Work task: Give the listing below again exactly, but without any of its pictures.

Collected material:
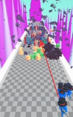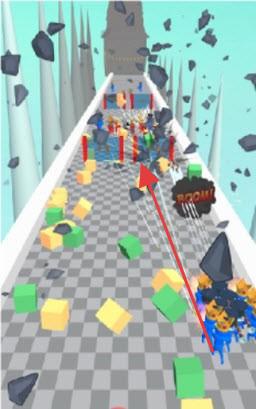 2、赛道上布满石块、彩色方块等障碍,玩家需指挥队伍躲避或清除障碍,避免阻碍前进。
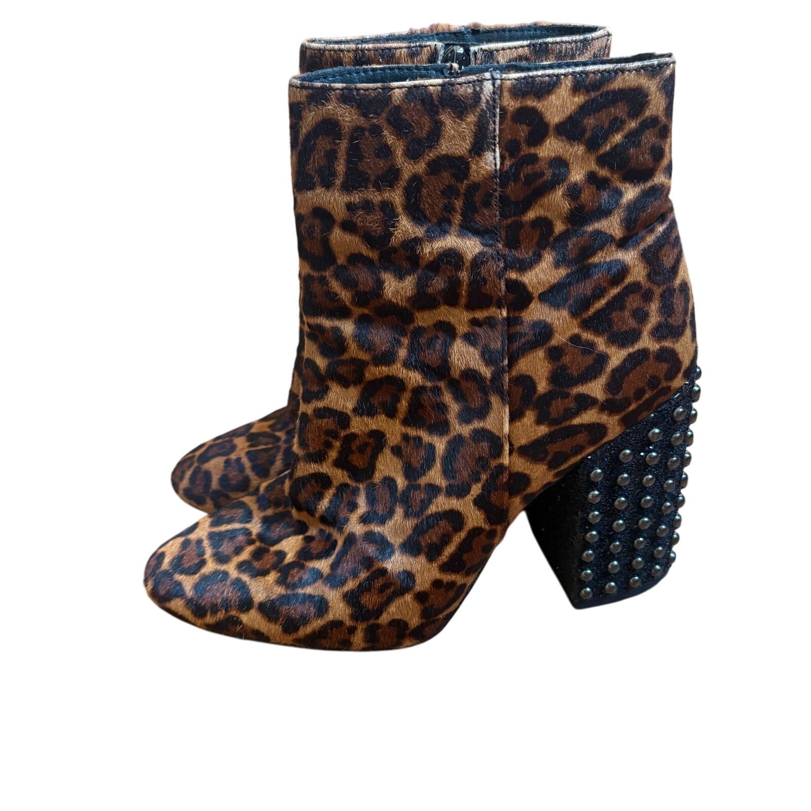 Jessica Simpson leather cheetah print studded heel booties SIZE 8.5
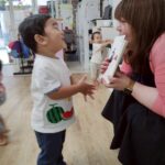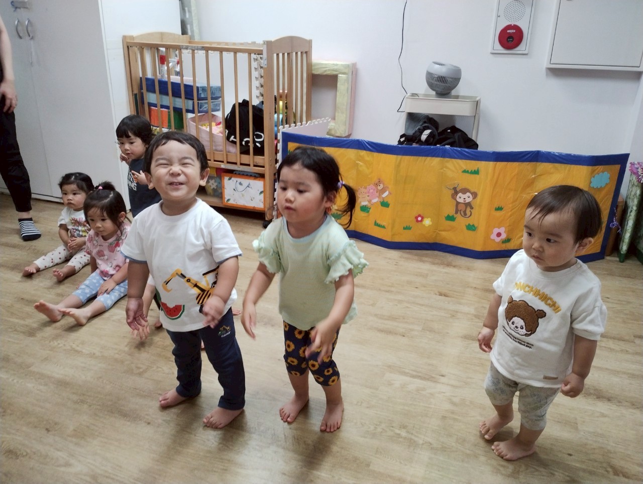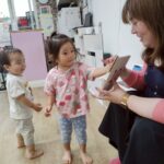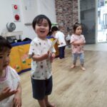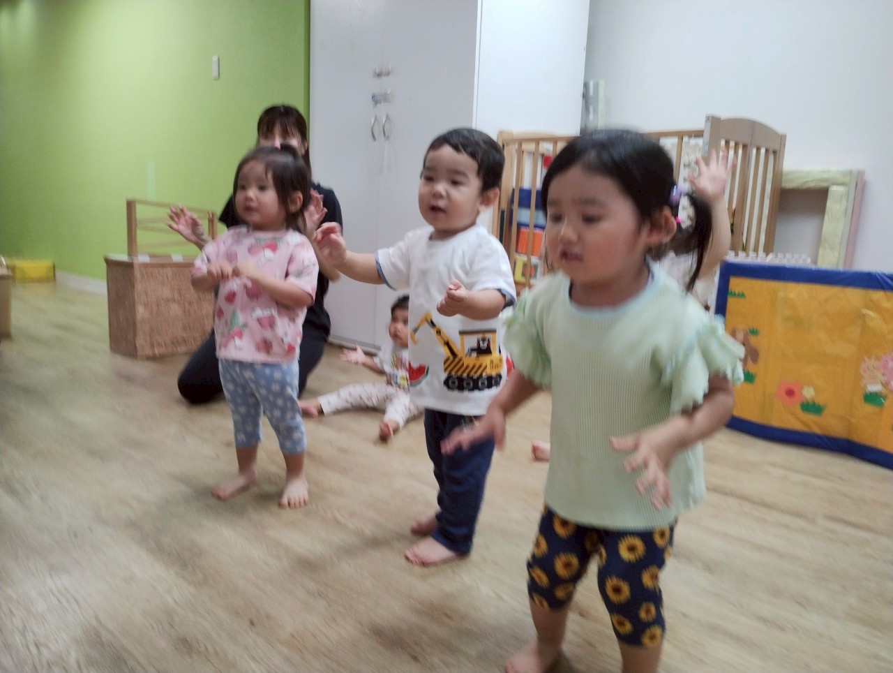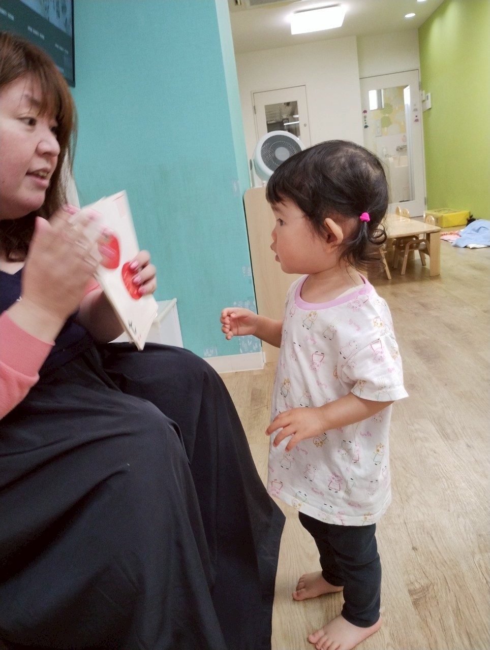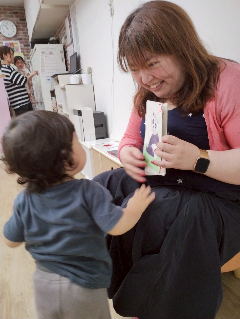 英語教室では、カードハンティングをしました。お部屋の中をあちこち覗き込んでカードを探す子どもたちでした。カードが見つかるととっても嬉しそうに渡しにいっていましたよ(*^-^*)

Result of this exercise:
 2、赛道上布满石块、彩色方块等障碍,玩家需指挥队伍躲避或清除障碍,避免阻碍前进。
 Jessica Simpson leather cheetah print studded heel booties SIZE 8.5
 英語教室では、カードハンティングをしました。お部屋の中をあちこち覗き込んでカードを探す子どもたちでした。カードが見つかるととっても嬉しそうに渡しにいっていましたよ(*^-^*)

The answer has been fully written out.